The task: Pictures aside, repeat the whole listing word for word.

Supplied data:
──────

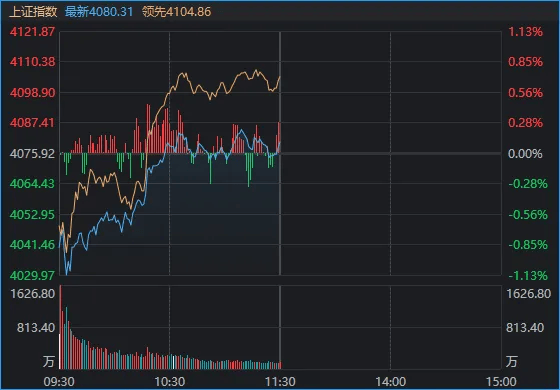 截至上午收盘,三大指数集体飘红,全市场近4000股上涨。
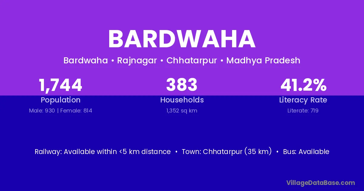 Chhatarpur (35 km) is the nearest town to Bardwaha village for major economic activities and is located approximately 35 km away.
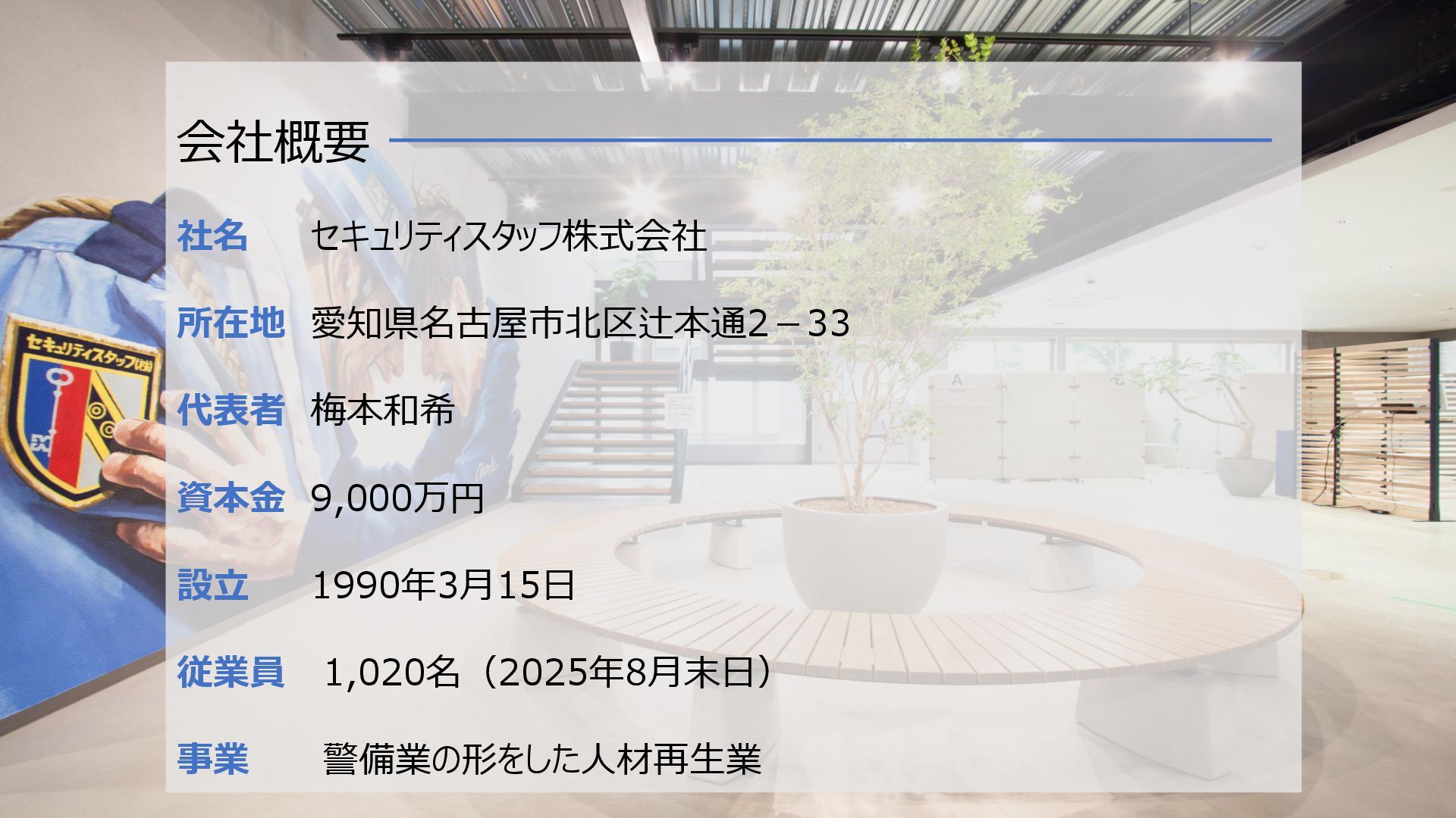 行政からの支援もあるが、民間企業で“普通”働くには支援に限界がある。 私達は福祉施設でもボランティアでもない補助金ももらっていない。 就労弱者の支援が警備業というビジネスとして成立させるからこそ、永続 性がある自律した社会貢献ができると考えている。
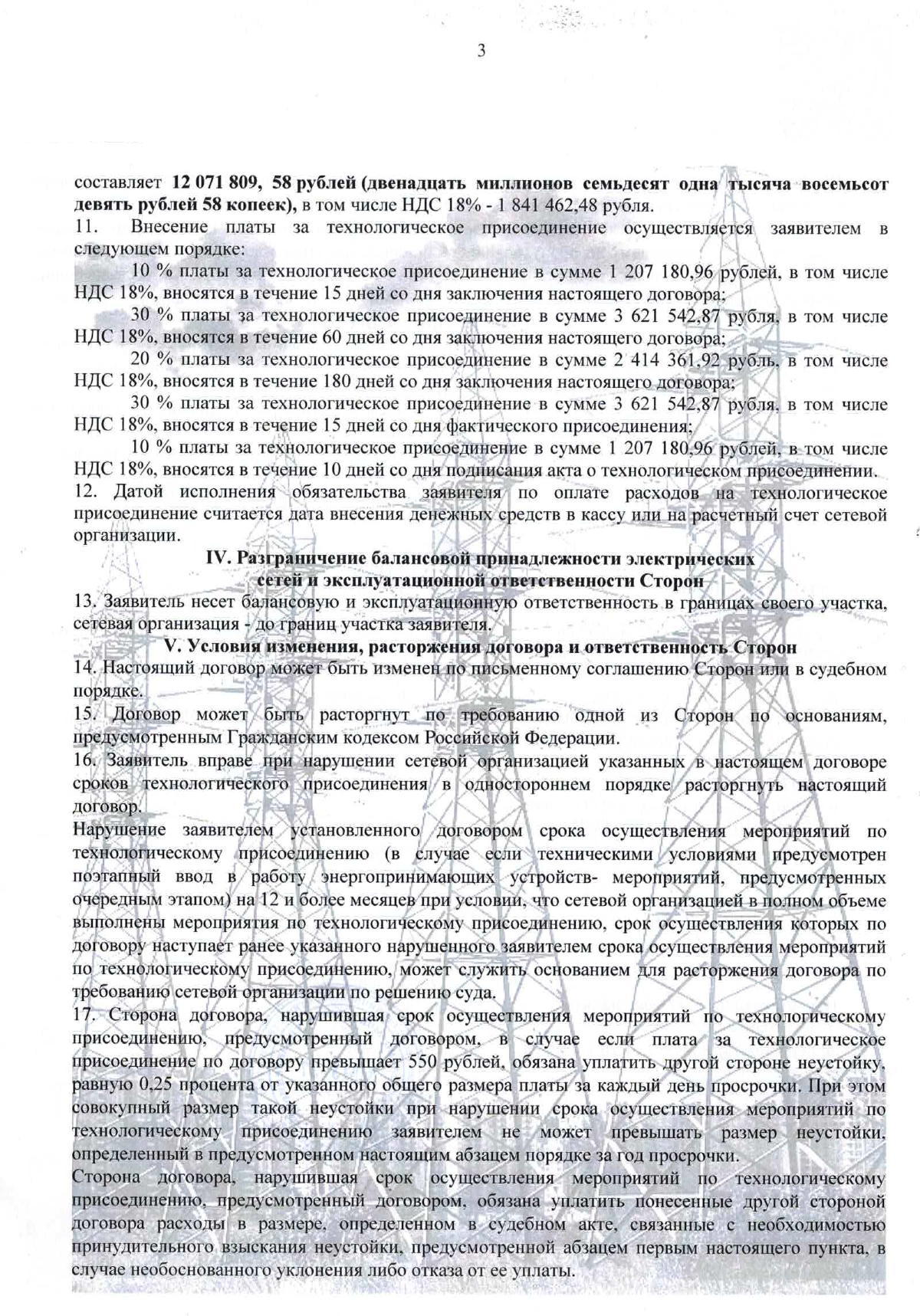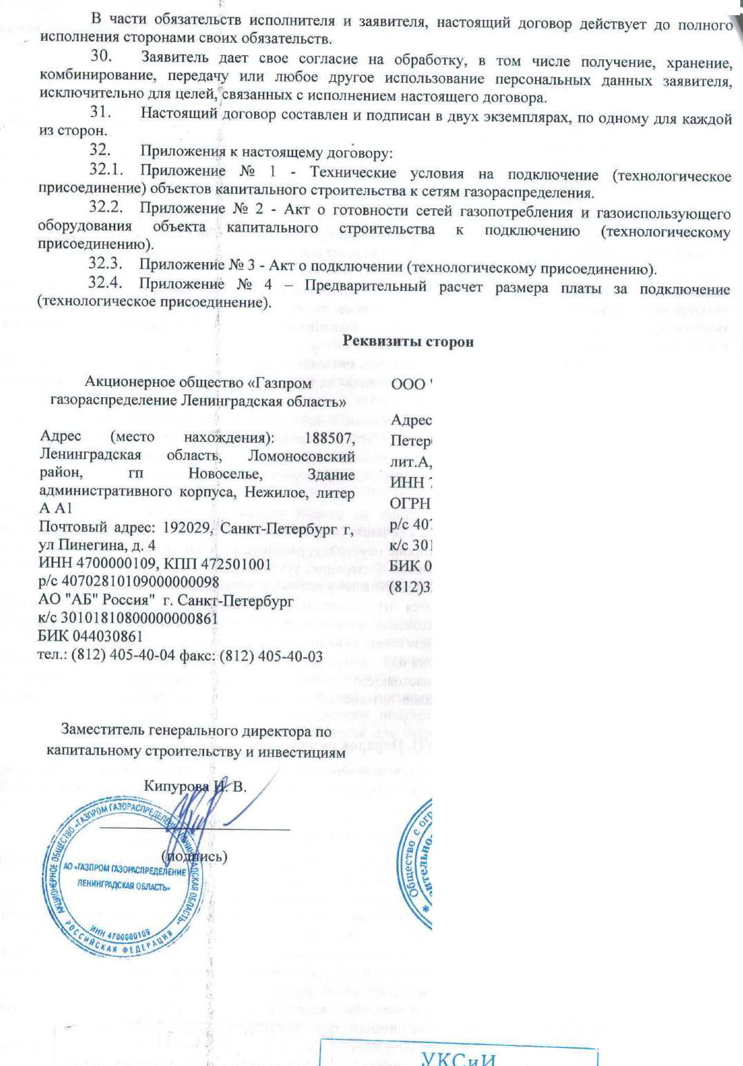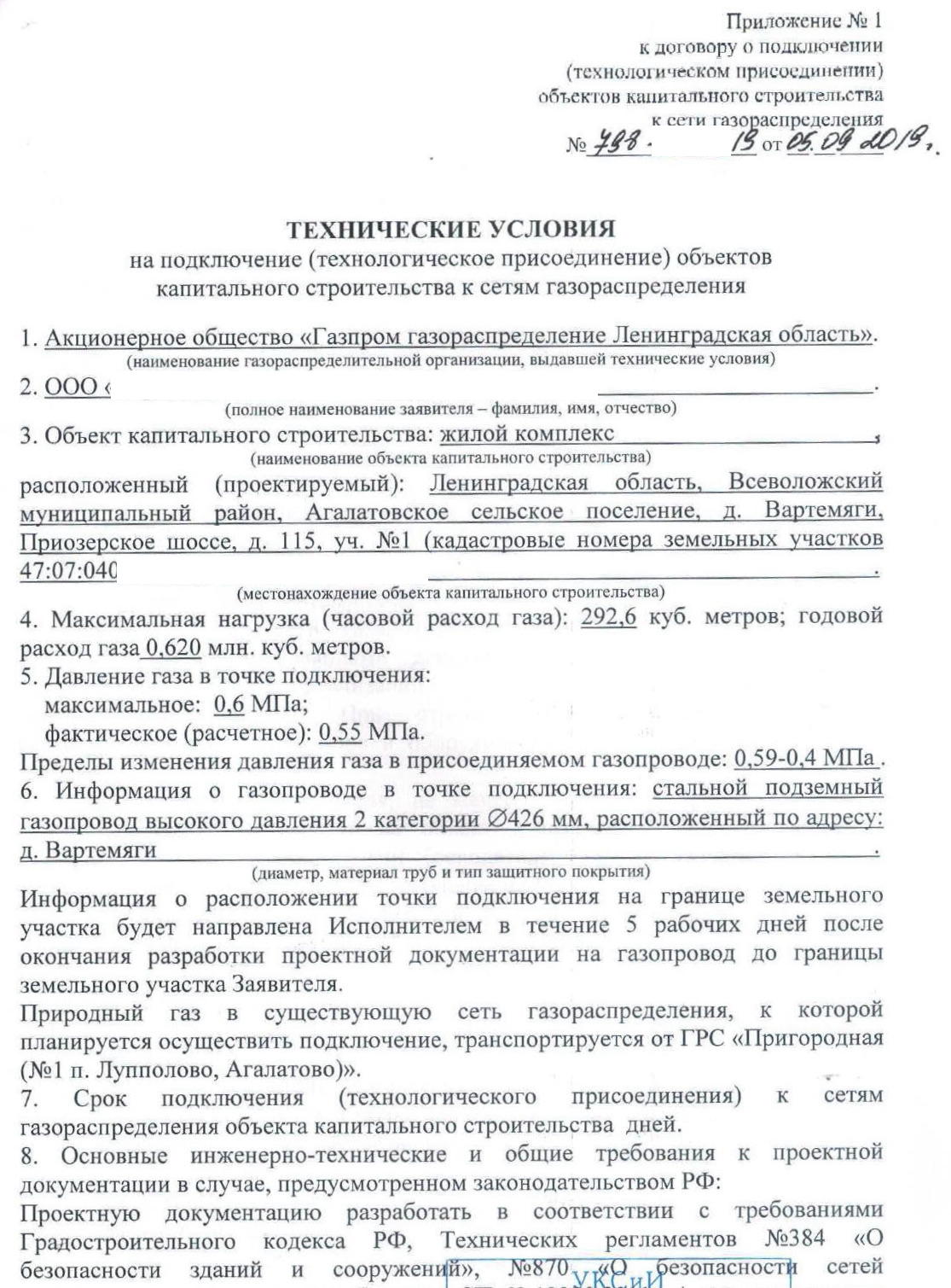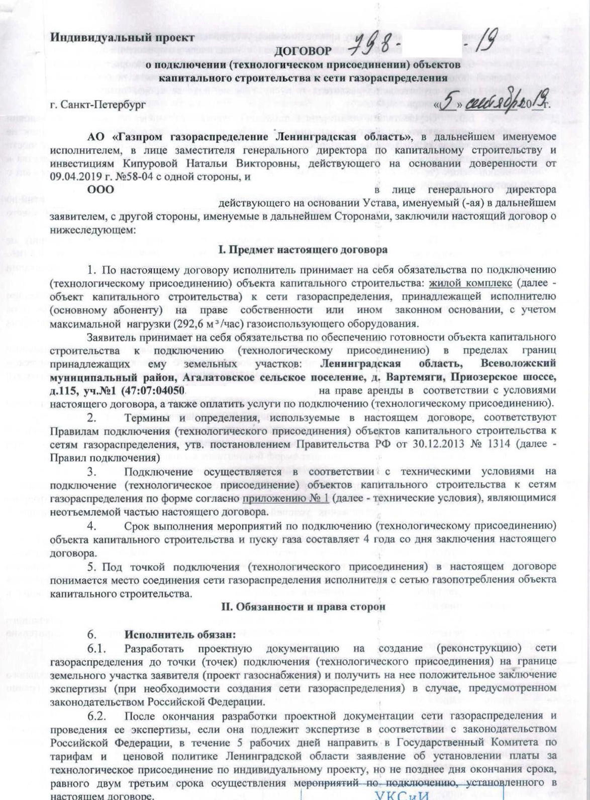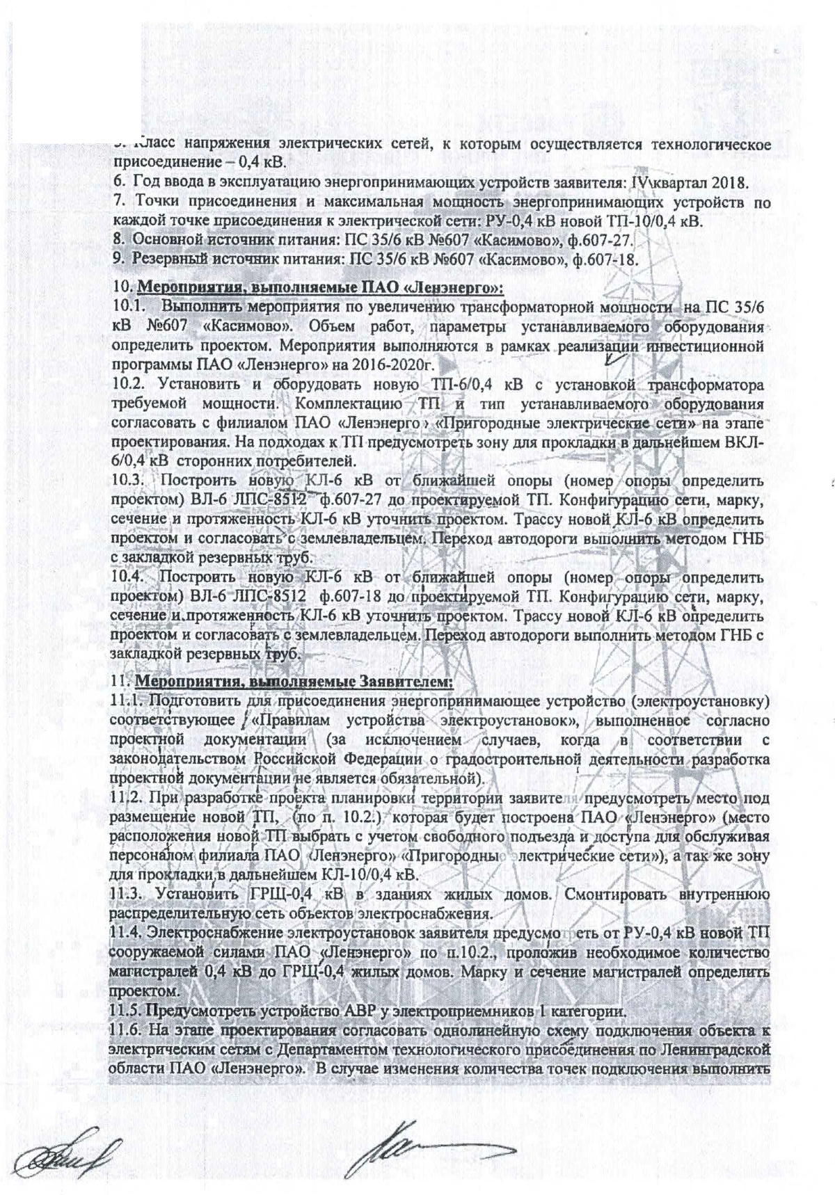 - заключённый договор с ПАО «Ленэнерго» на присоединение к сетям электроснабжения

──────

Answer for this exercise:
 截至上午收盘,三大指数集体飘红,全市场近4000股上涨。
 Chhatarpur (35 km) is the nearest town to Bardwaha village for major economic activities and is located approximately 35 km away.
 行政からの支援もあるが、民間企業で“普通”働くには支援に限界がある。 私達は福祉施設でもボランティアでもない補助金ももらっていない。 就労弱者の支援が警備業というビジネスとして成立させるからこそ、永続 性がある自律した社会貢献ができると考えている。
 - заключённый договор с ПАО «Ленэнерго» на присоединение к сетям электроснабжения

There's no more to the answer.